From the records below, output exactly the lines running from the line containing "Time Indefinite de Ross McElwee" through the line containing "N-VA-alternatieven voor centrumvernieuwing", and no others.

### DATASET ENTRIES

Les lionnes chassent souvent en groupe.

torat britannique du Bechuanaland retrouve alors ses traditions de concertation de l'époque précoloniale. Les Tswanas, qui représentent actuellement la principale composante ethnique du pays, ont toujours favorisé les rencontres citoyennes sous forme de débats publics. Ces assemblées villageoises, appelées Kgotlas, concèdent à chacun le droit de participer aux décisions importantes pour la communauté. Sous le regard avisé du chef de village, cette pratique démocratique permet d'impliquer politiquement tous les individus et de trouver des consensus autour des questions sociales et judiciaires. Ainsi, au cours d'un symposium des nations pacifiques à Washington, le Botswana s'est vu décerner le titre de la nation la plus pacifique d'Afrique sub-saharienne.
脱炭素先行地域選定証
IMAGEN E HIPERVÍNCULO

######
### DATASET ENTRIES

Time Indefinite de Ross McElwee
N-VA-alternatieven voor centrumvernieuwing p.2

######
### DATASET ENTRIES

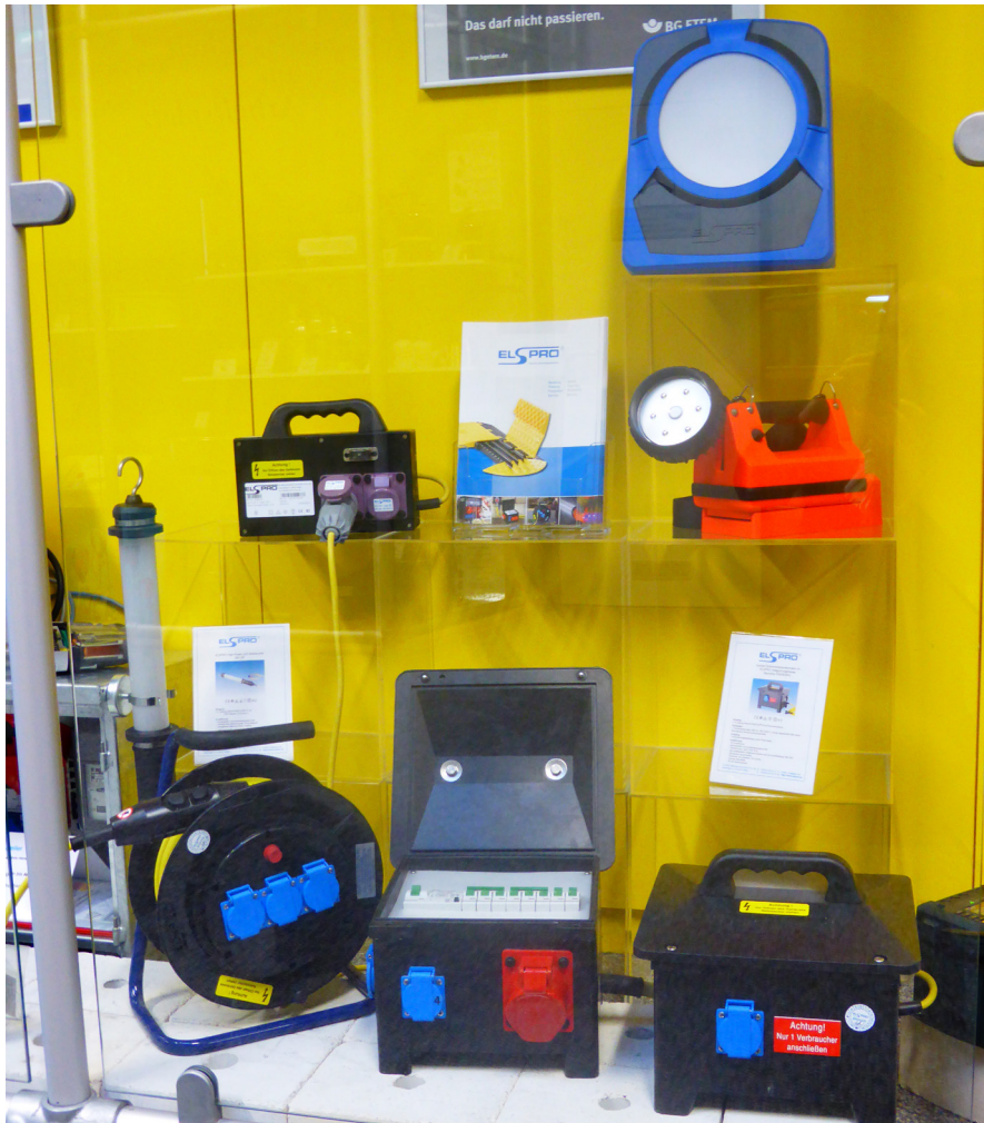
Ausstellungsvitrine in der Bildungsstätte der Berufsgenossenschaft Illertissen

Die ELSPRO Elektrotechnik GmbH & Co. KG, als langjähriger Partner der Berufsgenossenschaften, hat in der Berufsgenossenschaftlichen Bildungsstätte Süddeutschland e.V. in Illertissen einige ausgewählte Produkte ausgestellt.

######

## WRITTEN RESPONSE
Time Indefinite de Ross McElwee
N-VA-alternatieven voor centrumvernieuwing p.2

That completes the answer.